How Should AI Founders Structure Product and Research?

For AI startup founders and CTOs · Based on Emit Jane Luma Foundation Lab Method

// TL;DR

AI startup founders should structure their companies as foundation labs where product and research are one unified system, not separate departments. This means every product deployment generates training data for the next model, and every model improvement directly improves the product. Build the thinnest possible product on top of current model capability, target specific professions rather than verticals, capture process data from real customer usage, and evaluate scaling decisions using the 10x logarithmic test. The compound loop this creates is the fundamental competitive advantage of AI-native companies.

Why should AI founders unify product and research into one team?

The Foundation Lab Method argues that treating product and research as separate functions is the single most common structural mistake AI startups make.
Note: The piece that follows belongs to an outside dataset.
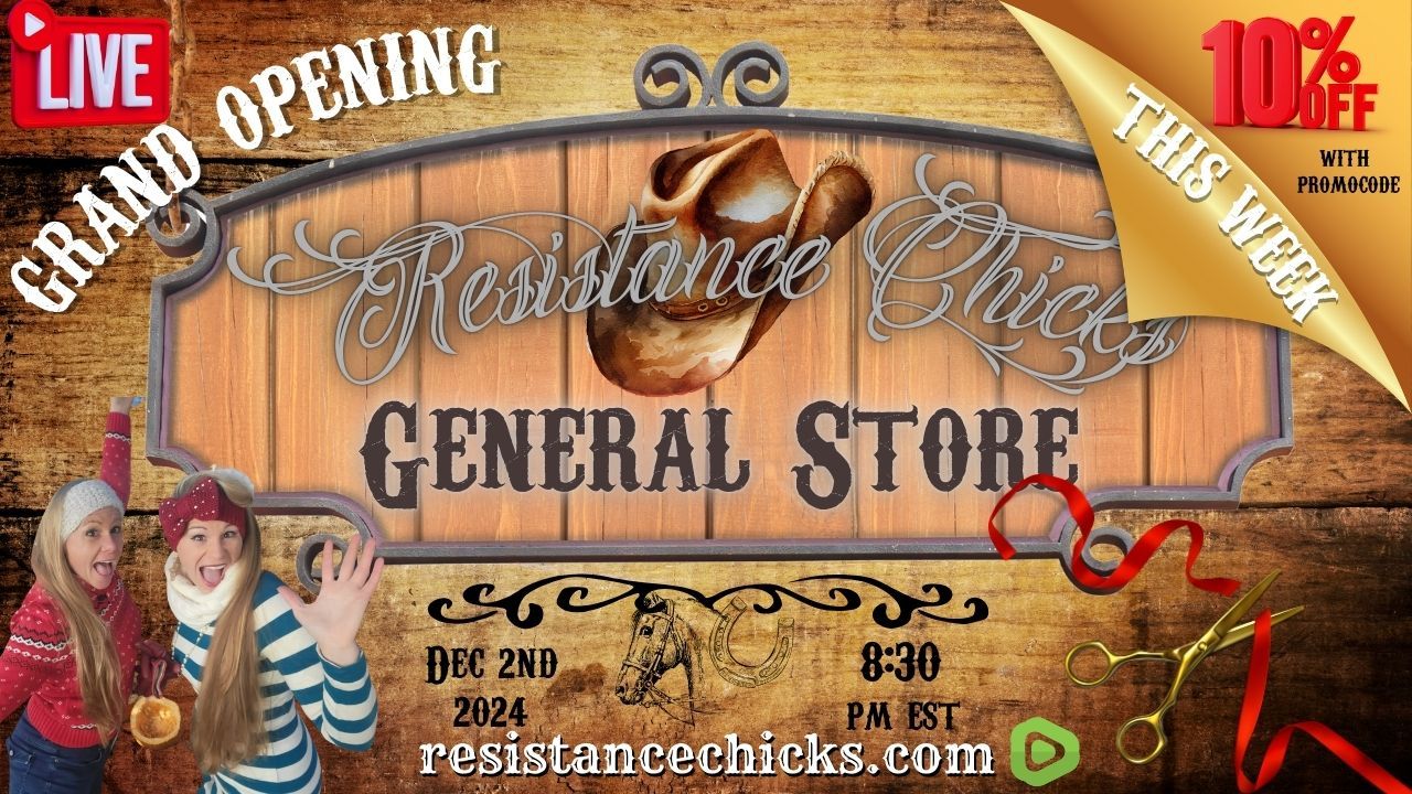 We are SO very excited to announce the Resistance Chicks General Store GRAND OPENING! Join us for our LIVE LAUNCH! Visit Shop.ResistanceChicks.com There are several things still under construction, but we have all 5 products ready to GO! Because this is our grand opening we are offering a rare discount of 10% off your entire order December 2nd-8th, 2024 Use Promo Code GRANDOPEN at checkout!Resistance Chicks are proud to partner with Zang Enterprises as the new official gold and silver company of Resistance Chicks! Learn more: www.resistancechicks.com/godsmoney

In a foundation lab, research produces the product and the product works in research. They are one thing.

Why does this matter for founders? Because separate teams create separate roadmaps with competing priorities. Research optimizes for benchmarks; product builds engineering harnesses to patch model gaps. The result is linear progress at best, and at worst, six-to-eight months of engineering work that the next model iteration makes irrelevant.
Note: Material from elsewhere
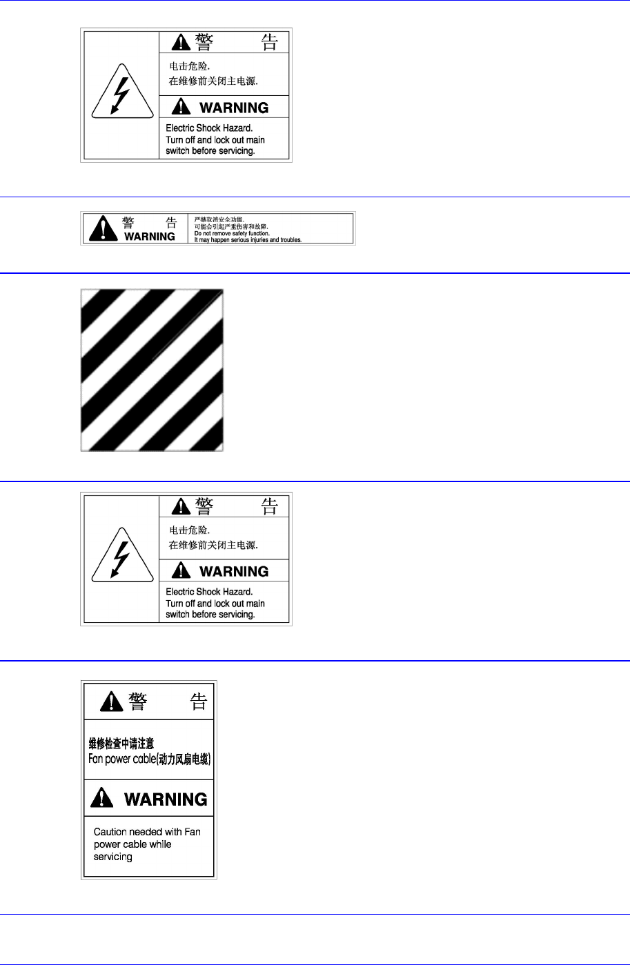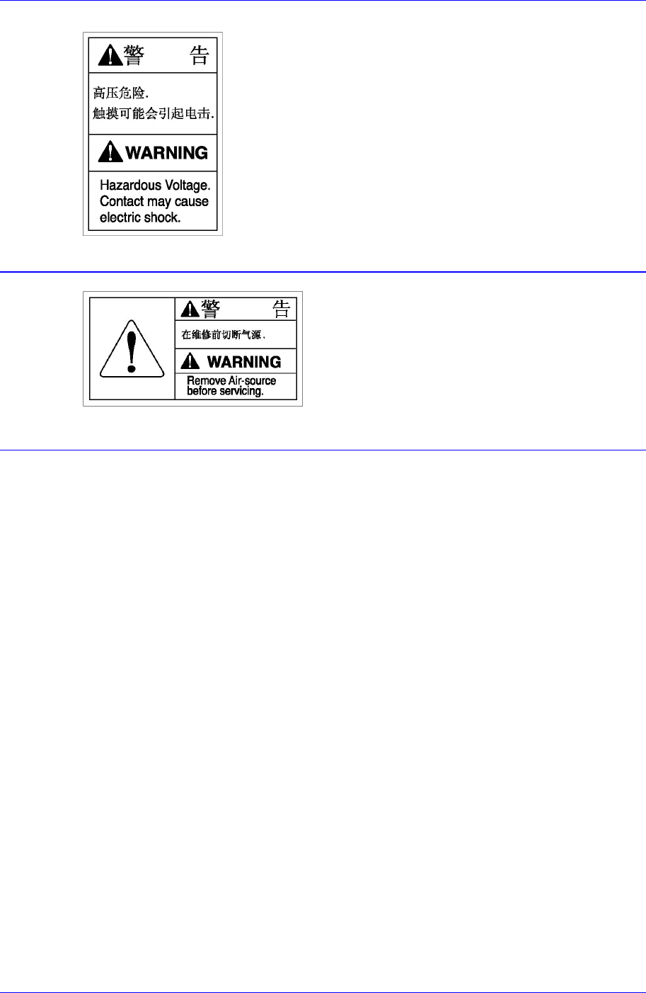 Samsung Component Placer SM310 T r oubleshooting Guide viii 设备维护及修理前要切断电源和空气。 如果将贴有此标签的盖子 移掉,可能会产生 电击。 如果在维护修理设备时需要移开盖子,必须 先切断主电源,等一会儿后移开盖子。

The alternative is a compound loop: your product serves real customers, generating process data (how artifacts are made, not just the finished outputs). That process data feeds directly into the next training run, producing a better model, which makes the product thinner and more capable, which attracts more users and data. This loop is the economic engine of foundation labs.
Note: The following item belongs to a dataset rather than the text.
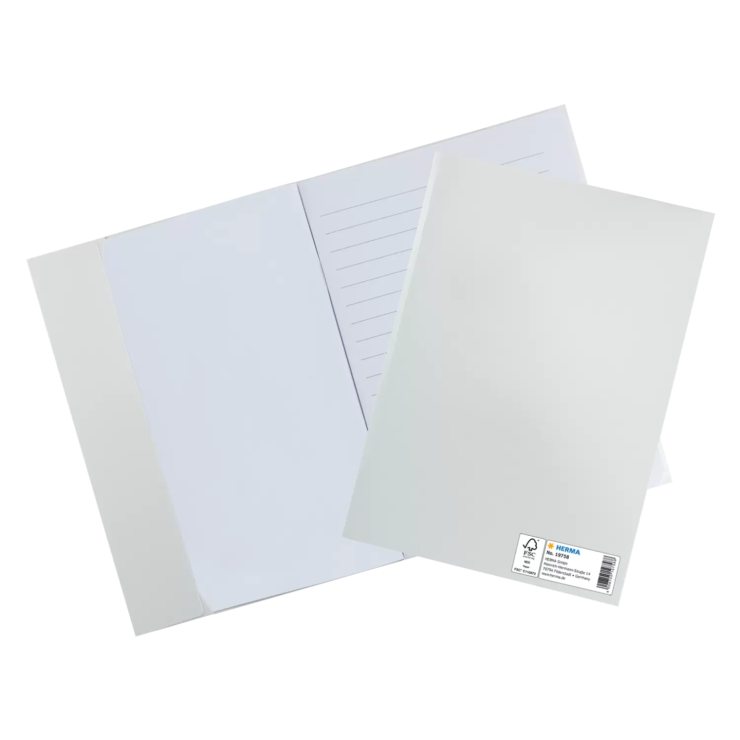 These white exercise book covers from HERMA can be used for any exercise books in A5 size. They are perfect for work documents, exercise books and copybooks. Use them at school, university or work to protect your materials from damage and bending. Made of sturdy cardboard instead of plastic, HERMA exercise book covers are rugged and durable. The strong material, in proven HERMA quality, is friendlier to the environment than conventional plastic. The covers keep out dirt and moisture and keep the contents well protected. You have 16 different colours to choose from. On the front is a highly visible inscription label for information on the owner or subject. The perfect way to stay tidy and well organised.

Practically, this means your research lead and product lead should be the same person—or at minimum, share one roadmap, one set of metrics, and one weekly planning cycle.

How do I decide what to build first as an AI startup?

Before building anything, ask two questions about your target modality: Is there a YouTube of it? Is there a Wikipedia of it?

If the answer is no, your first product isn't actually a product—it's a data generation engine. Build something people love to use for free that produces training data as a byproduct. Don't wait to know exact scale requirements; scaling laws for new modalities are unknown early on.

If the data exists, map your current model's capabilities honestly against the full end-to-end promise you want to deliver. Every gap between what the model can do and what the product needs is not an engineering project—it's a data collection job for the next training run. Categorize each gap: does it need fine-tuning, a new training run, or a full pre-training investment?

Then build the thinnest possible product on top of current capability. Resist the urge to build complex orchestration layers. Fatness in the product stack is technical debt that compounds against you.

How should AI founders think about their target market?

Drop the word 'vertical' from your vocabulary. Think in professions instead.

Verticals like 'entertainment' or 'healthcare' are abstractions that hide the actual end-to-end workflows real humans need solved. Professions are concrete: a filmmaker's end-to-end is concept → shoot → edit → set changes → final output. A marketer's end-to-end is understanding the environment → resonant message → localized assets at scale.

When you target professions, you discover specific failure modes, specific magic moments, and specific process data you can capture. This precision is what separates AI companies that compound from those that stall.

When should an AI startup pursue enterprise vs. consumer?

Apply the intelligence threshold test before chasing consumer markets. Ask: does the model understand context, humor, and the local state of the specific user well enough that generated content would be genuinely interesting to that person?

If not, consumer deployment will produce a strong day-one spike—the novelty of generation—followed by rapid retention collapse. Users scroll for a few days and churn because generated content is not interesting because it's generated; it's interesting because of what's happening in it.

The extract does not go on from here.